The difference in the configuration because of orderly or disorderly orientation of
functional groups in polymer with respect to the main chain is known as tacticity.
The orientation of functional groups / substituents can take place in three ways….
i. All the functional groups / substituents may present on the same side of the polymer chain
ii. Arrangement of functional groups / substituents may be random along the polymer chain
iii. Arrangement of functional groups / substituents may be alternate along the polymer chain
Based on the above three possibilities, polymers are termed as
a. Isotactic: Polymers in which the functional groups / substituents are present on the same
side of the polymer chain are known as isotactic polymers.
b. Atactic: Polymers in which the arrangement functional groups / substituents is random
along the polymer chain are known as atactic polymers.
c. Syndiotactic: Polymers in which the arrangement functional groups / substituents is
alternate along the polymer chain are known as syndiotactic polymers.
Functionality: The number of bonding sites or reactive sites or functional groups present in the
molecule which participate in the polymerization is known as functionality.

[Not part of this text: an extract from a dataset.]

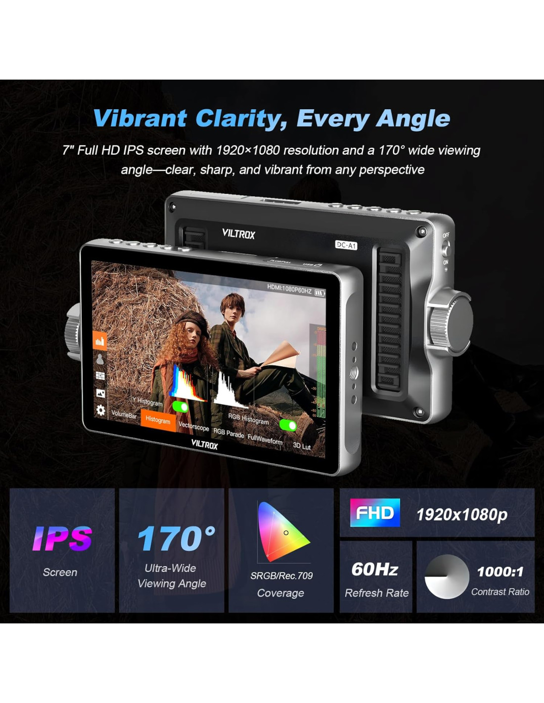 - VILTROX DC-A1 tiene calibración de pantalla de grado Apple, mayor precisión de color,mejora ilimitadamente la reproducción real de los colores de la imagen.Relación de contraste de 1000:1,frecuencia de actualización de 60Hz,cobertura de gama de color profesional SRGB.

The minimum functionality of the monomers to take part in polymerization is two. That
means every monomer must be minimum of bifunctional.
Depending on the functionality of monomers, we get linear, branched and cross linked
polymers.
 If the functionality of the monomer is two, it is bifunctional monomer. Polymerization of
bifunctional monomers forms linear polymers.
 If the functionality of the monomer is three, it is trifunctional monomer. Polymerization
of trifunctional monomers forms cross linked (three dimensional) polymers.
 Polymerization of mixture of both bifunctional and trifuinctional monomers gives
branched polymers.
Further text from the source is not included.